Saved entries
---

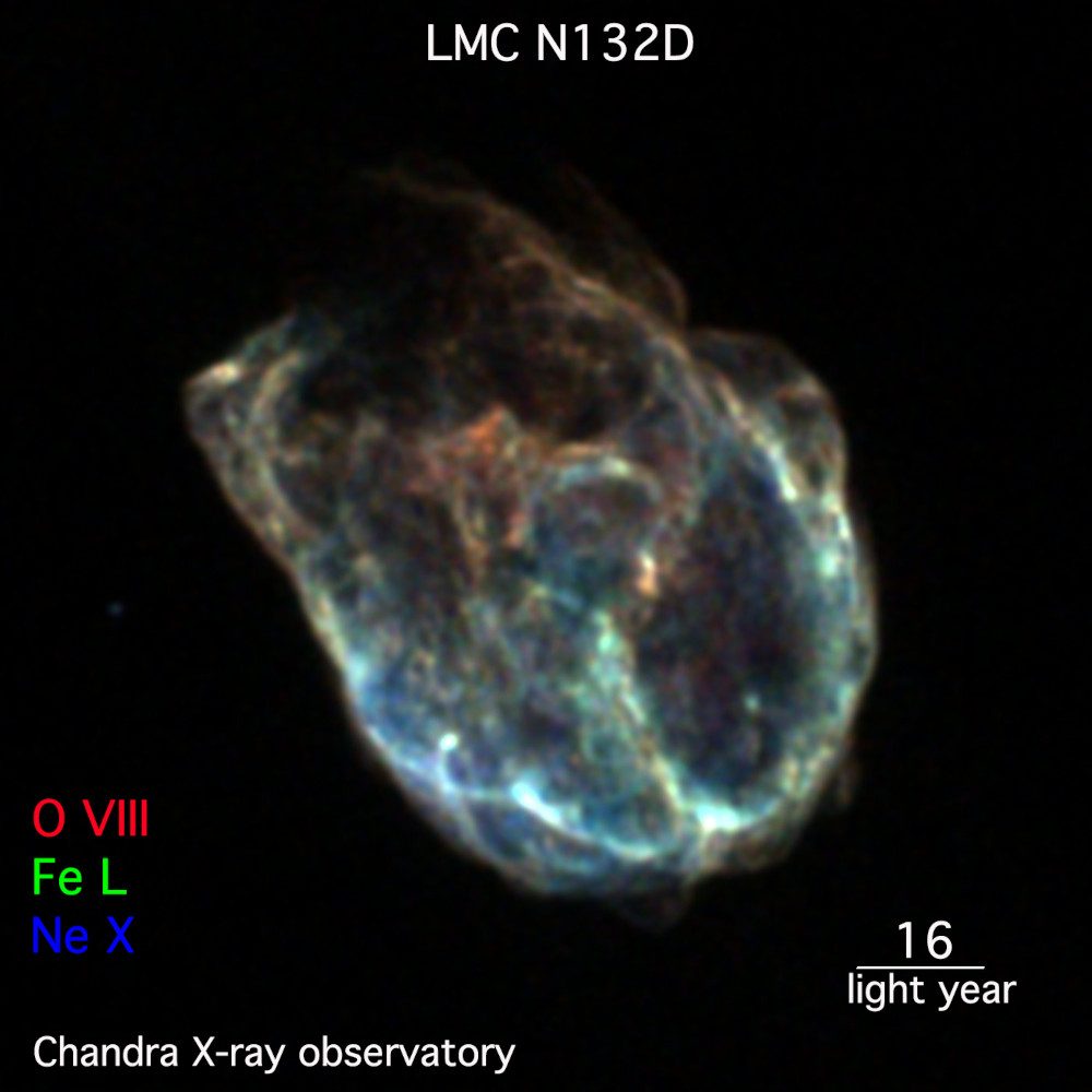 On the one hand, the high gamma-ray luminosity may not be surprising, as N132D is also a bright supernova remnant in radio emission and X-rays. Moreover, N132D is a shell evolving in gas that is more than ten times denser than that surrounding other remnants. This helps the production of gamma-ray emission, as it arises when cosmic-ray particles collide with gas particles producing unstable particles called pions. These pions can only exist for a very short time until they fall apart and produce gamma rays. So, dense gas helps to make cosmic rays visible in gamma-ray light.
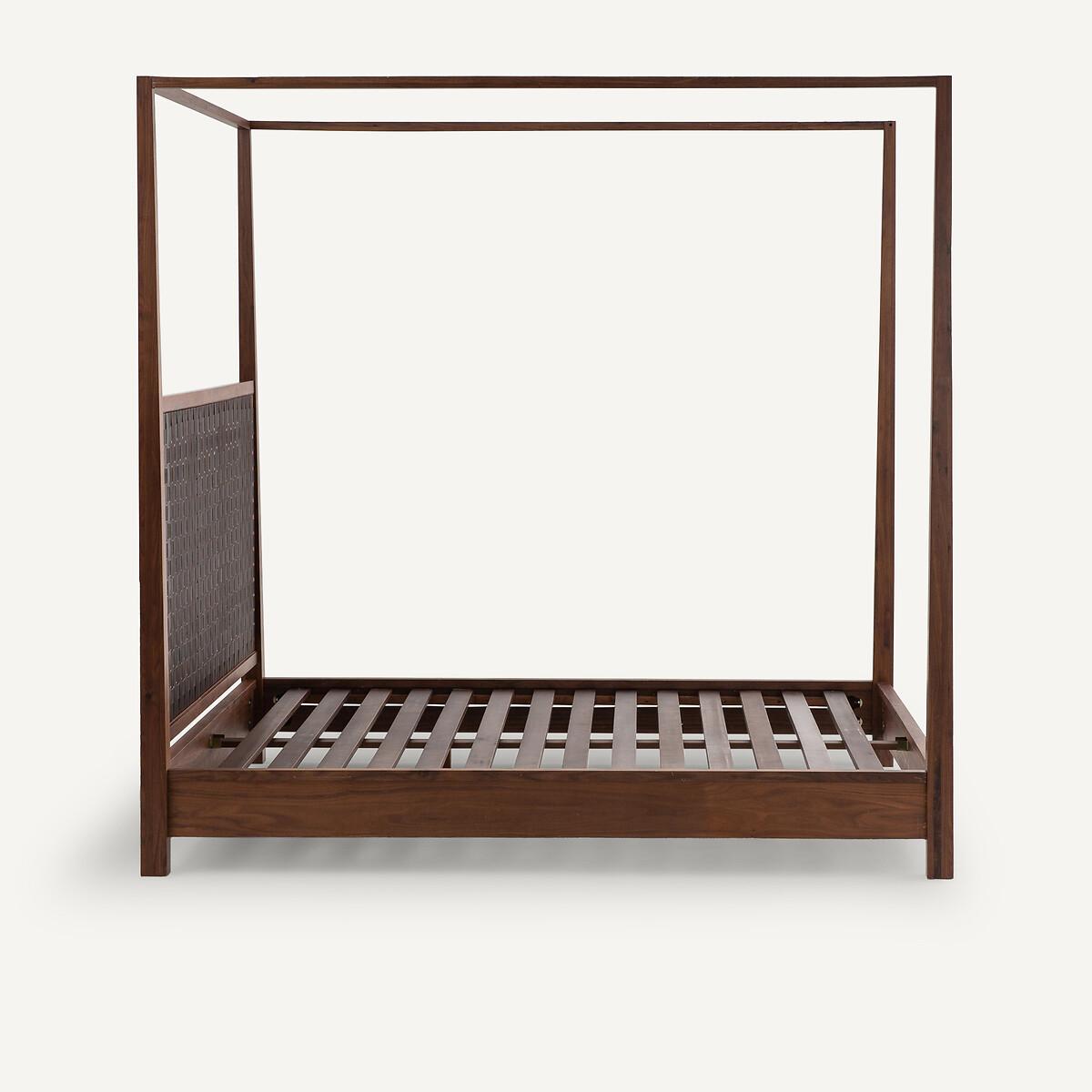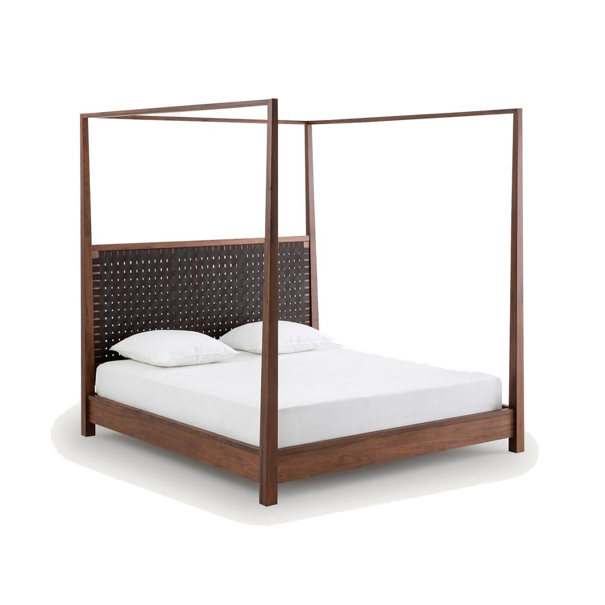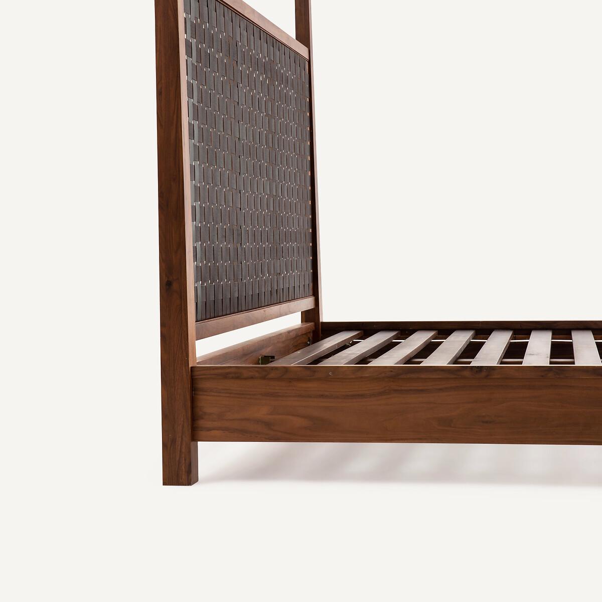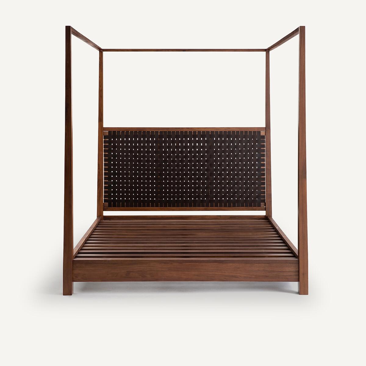 Thanks to its tapered lines and ultra-modern structure, the Gilmour bed has all the refinement of a high-quality piece of furniture.The large headboard is woven with strips of synderme (a material obtained from leather scraps) for an authentic feel. Product Details • Solid walnut structure, polyurethane finish • Walnut veneered MDF bed frame, polyurethane finish • Headboard woven with strips of synderme (material obtained from leather scraps) • Solid walnut legs with polyurethane finish, H18cm • Supplied with multi-ply slatted base in solid beech. Additional information • The material of this braided headboard is obtained from scraps of leather, crushed and agglomerated using a synthetic resin.. Dimensions • Sleeping area: 180 x 200cm • Width: 194cm • Length: 213cm • Height: 210cm • Mattress height: 28cm • Assembly required. • Recycled Leather. Using Post Consumer Leather is all about conserving resources and reducing waste. • WOOD FROM SUSTAINABLY MANAGED FORESTS. FSC® certified wood comes from forests that are environmentally, socially and economically well managed. Dimensions and weight of parcel3 parcels • L192 x H15 x D100cm - 23kg • L220 x H15 x D38cm - 45kg • L159 x H10 x D35cm - 25kg
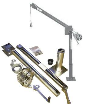 吊臂绞车,该款绞车包含一个203mm×203mm的底座和一个914mm长的吊臂,高度为1626mm。吊臂可360°旋转,负载可达225kg,可装载76米长的3mm钢缆。标配含15m长的5mm钢缆。
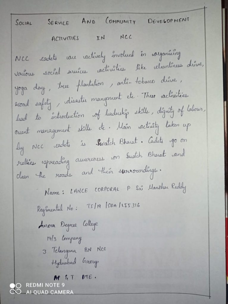 Name:LANCE CORPORAL P Sai Manohar Reddy Regimental no:TS/19/SDA/155316
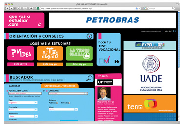 El primer sitio integral y específico para orientación vocacional y búsqueda de carreras universitarias. Una interfase clara para presentar con equilibrio las diferentes opciones de contenido, con una estética contemporánea adecuada al público adolescente y joven.

---

Work item - From the first line to the last, copy the records above exactly and drop any pictures.

Exercise result -
 On the one hand, the high gamma-ray luminosity may not be surprising, as N132D is also a bright supernova remnant in radio emission and X-rays. Moreover, N132D is a shell evolving in gas that is more than ten times denser than that surrounding other remnants. This helps the production of gamma-ray emission, as it arises when cosmic-ray particles collide with gas particles producing unstable particles called pions. These pions can only exist for a very short time until they fall apart and produce gamma rays. So, dense gas helps to make cosmic rays visible in gamma-ray light.
 Thanks to its tapered lines and ultra-modern structure, the Gilmour bed has all the refinement of a high-quality piece of furniture.The large headboard is woven with strips of synderme (a material obtained from leather scraps) for an authentic feel. Product Details • Solid walnut structure, polyurethane finish • Walnut veneered MDF bed frame, polyurethane finish • Headboard woven with strips of synderme (material obtained from leather scraps) • Solid walnut legs with polyurethane finish, H18cm • Supplied with multi-ply slatted base in solid beech. Additional information • The material of this braided headboard is obtained from scraps of leather, crushed and agglomerated using a synthetic resin.. Dimensions • Sleeping area: 180 x 200cm • Width: 194cm • Length: 213cm • Height: 210cm • Mattress height: 28cm • Assembly required. • Recycled Leather. Using Post Consumer Leather is all about conserving resources and reducing waste. • WOOD FROM SUSTAINABLY MANAGED FORESTS. FSC® certified wood comes from forests that are environmentally, socially and economically well managed. Dimensions and weight of parcel3 parcels • L192 x H15 x D100cm - 23kg • L220 x H15 x D38cm - 45kg • L159 x H10 x D35cm - 25kg
 吊臂绞车,该款绞车包含一个203mm×203mm的底座和一个914mm长的吊臂,高度为1626mm。吊臂可360°旋转,负载可达225kg,可装载76米长的3mm钢缆。标配含15m长的5mm钢缆。
 Name:LANCE CORPORAL P Sai Manohar Reddy Regimental no:TS/19/SDA/155316
 El primer sitio integral y específico para orientación vocacional y búsqueda de carreras universitarias. Una interfase clara para presentar con equilibrio las diferentes opciones de contenido, con una estética contemporánea adecuada al público adolescente y joven.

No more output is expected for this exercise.